A support structure means more than just well-wishers and prayer-warriors. A support structure means work contracts, policies, accountability boards, bosses, mentors and managers… good ones, not pants ones!
I bet that one of the top reasons youth workers quit so early and frequently is a widespread lack of understanding of the chain of command. Everyone thinks they’re your boss – parents, teenagers, councils, caretakers – everyone!
I think the holy trinity of successful youth work support is a pastor – to include you within the wider vision; a mentor – to nurture you as a disciple, and a line-manager – to develop you as an employee. All three need to have a different emphasis but a common goal. Hypostatic union if ever I saw it!
We’re going to focus here on the specifics of the line-manager role.
In my first full time youth work job I had no line-manager. As a result I ended up working regular 70hr weeks, didn’t receive about half of my leave (and when I did I was granted it too late to book or save), wasn’t able to formally develop my training, and didn’t receive any clear feedback on my work performance. I left the job – and I nearly left youth work completely.
My next job came with an able line-manager, a quality mentor, a committed trustee board and a further accountability board to check up on the trustees. I’m still there – and I’m still growing.

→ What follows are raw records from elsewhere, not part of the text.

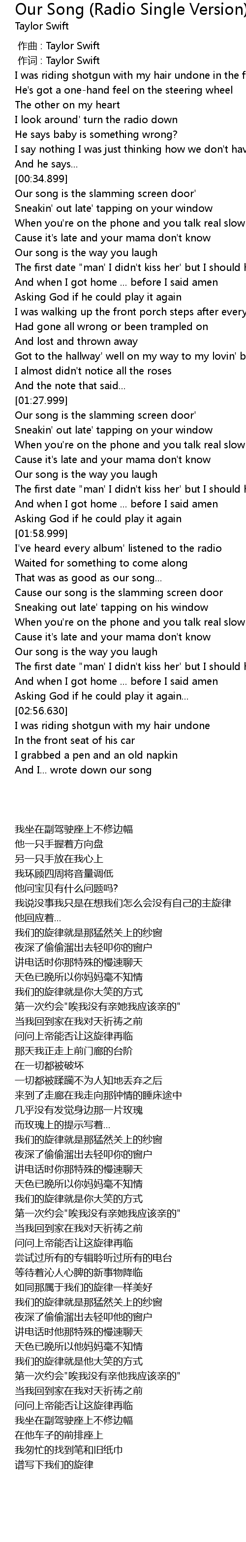 | [00:00.00] | zuò qǔ : Taylor Swift |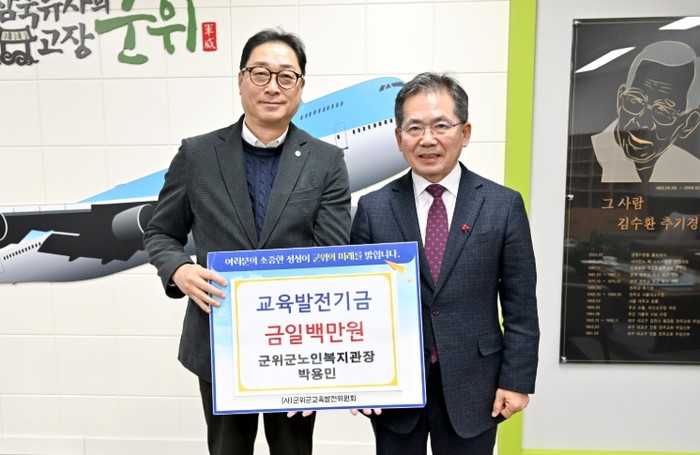 [파이낸셜경제=김지훈 기자] 지난 15일 군위군노인복지관 박용민 관장과 군위군 궁도스포츠클럽 회원일동은 군위군청을 방문하여 지역의 교육 발전과 인재양성을 위해 써달라며 교육발전기금 200만원을 기탁했다.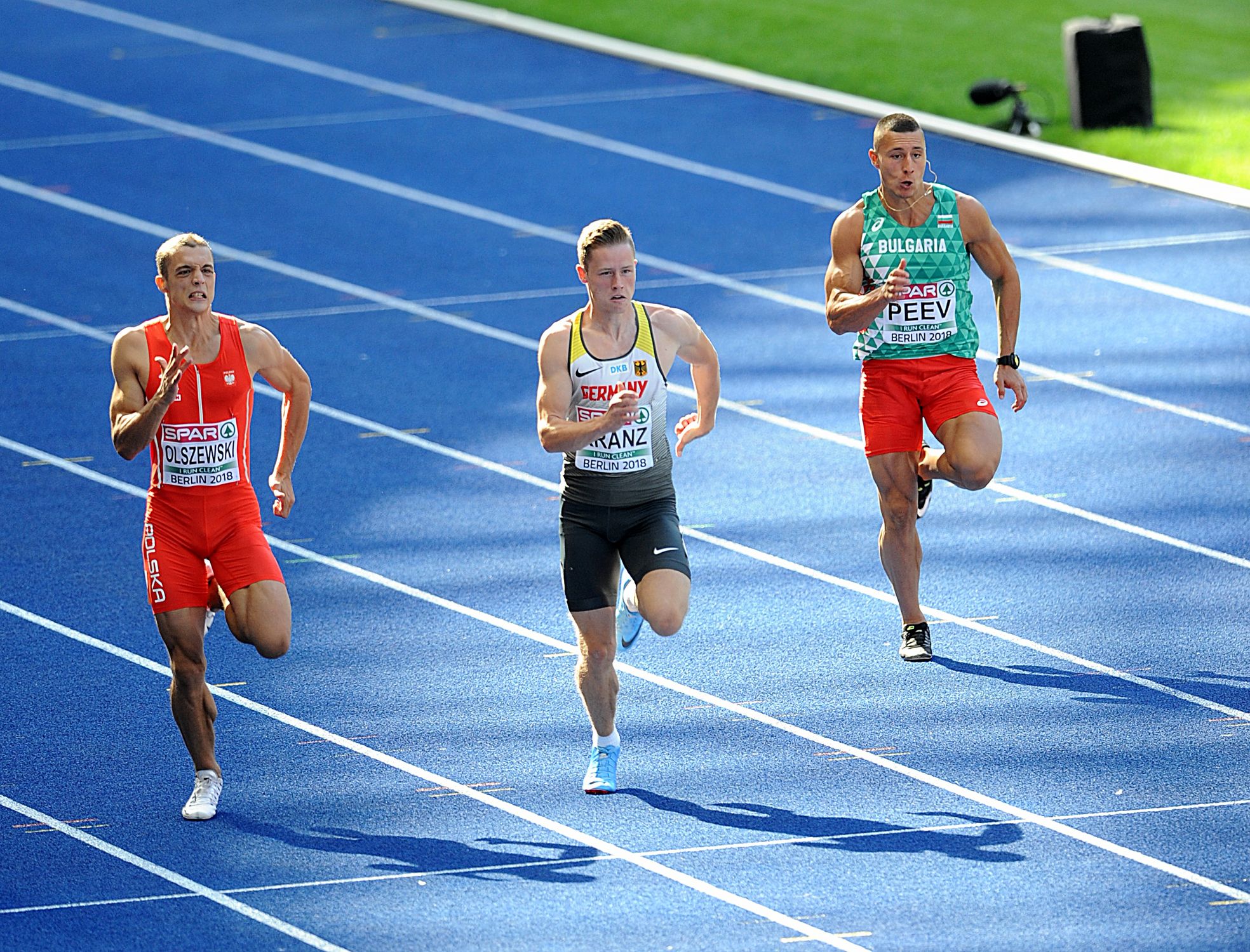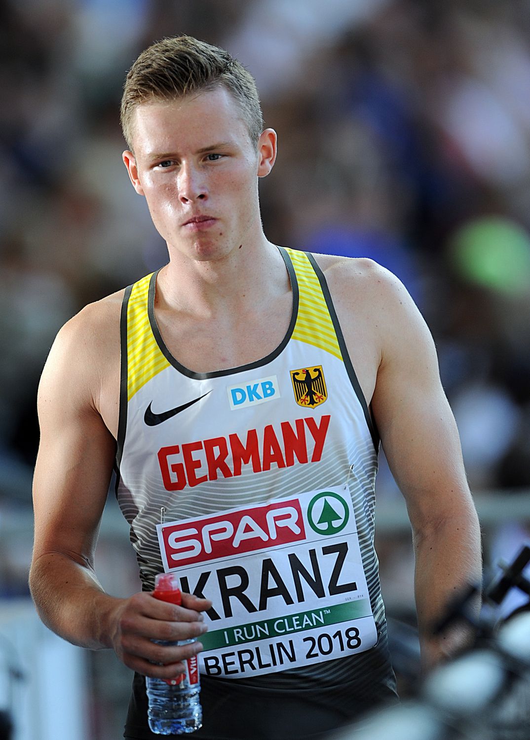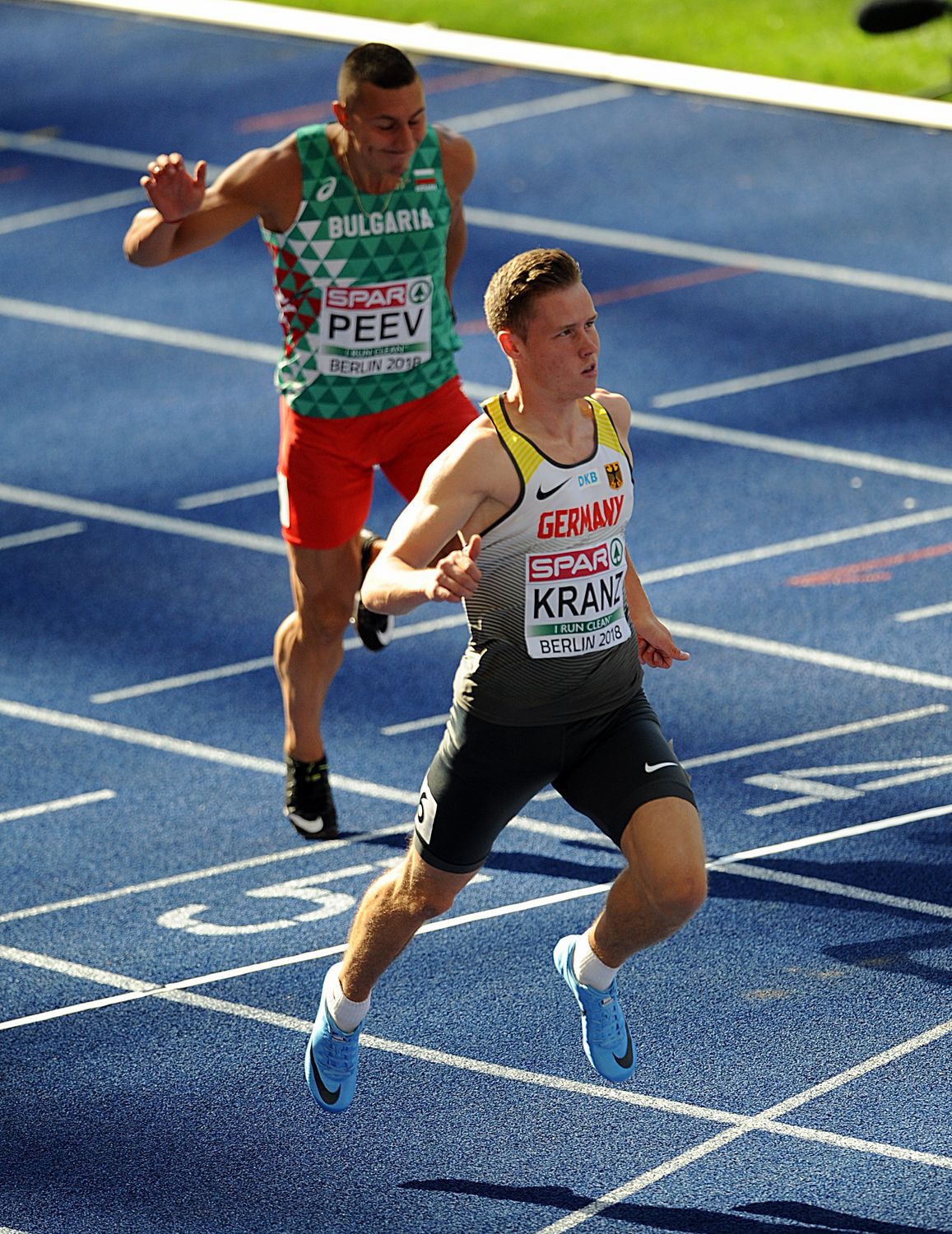 Ein paar Minuten, konkret waren es zwölf, gab es Hoffnung für Kevin Kranz. Hoffnung, noch ins 100-Meter-Halbfinale einzuziehen. Obwohl der 20-jährige deutsche Meister vom Sprintteam Wetzlar in seinem Vorlauf lediglich Fünfter geworden war - in 10,41 Sekunden. Fünf Rennen der ersten Runde gab es am Montagnachmittag bei der Leichtathletik-EM im Berliner Olympiastadion, jeweils die beiden Besten und fünf weitere Zeitschnellste qualifizierten sich für das Halbfinale. Für Kranz als bislang Viertzeitschnellsten gab es vor dem abschließenden fünften Rennen durchaus eine Chance, noch eine Runde weiter zu kommen. Herausgekickt aus seiner ersten EM, dem ersten Wettkampf im Nationaltrikot, wurde der Polizeikommissar-Anwärter dann vom Niederländer Hensley Paulina (10,34) sowie vom Italiener Federico Cattaneo (10,39). Kranz, um es faktisch auf den Punkt zu bringen, war zwei Hundertstel zu langsam.

There are five specific areas that a line-manager should be regularly checking up on: Time sheets, Annual Leave, Training, Project Management and Admin. Anything else probably falls under the purview of the Pastor or Mentor.
Checking how much time the youth worker is working, where they’re spending it and what – if any – gaps are show up, while keeping an eye open for over-working and unsociable hours. Keeping a google calendar of similar tends to be one of the easiest ways to do this.
Making sure the youth worker is taking it – including days off – and booking in advance. Also working alongside the youth worker to cover projects and seek outside help when needed. Annual Leave should never be made conditional on cover.
Looking together at relevant conferences, courses, conversations and a reading budget. This should include spiritual feeding and practical training. Ideally the board should set an annual budget for professional development.
Looking at the trickle down supervision of teams and volunteers under the youth worker. Mediating and advising on conflict resolution and making suggestions to both the youth worker and wider board regarding ongoing difficulties.
Anything that is foundational to the youth worker’s work, be it HR, policies, contracts, time sheets, rotas etc. Making sure that the machine is being well oiled by the right people.
Putting It All Together
These five areas should be noted and checked up on at least once every six weeks, and they should be minuted properly. Properly done minutes will include a ‘matters arising’ section to check up on ongoing items. Annual supervision meetings with Pastors/boards etc. then have some written record to go off. Minutes should be circulated only to those who need them – usually pastor/chair-person, line manager and youth worker.
You can also include ‘correspondence’ in your meetings. This gives the youth worker a chance to talk about extraneous, troubling or potential communications that have an impact on their work – and give the line-manager a chance to bring to the youth worker’s attention conversations with other leaders about work performance or project feedback – obviously filtering out the knuckle head and spiteful stuff.
Try to keep meetings to an hour, in a reasonably comfortable and private place!
Finally – don’t forget to stay professional but do build relationship. Laugh lots and have fun!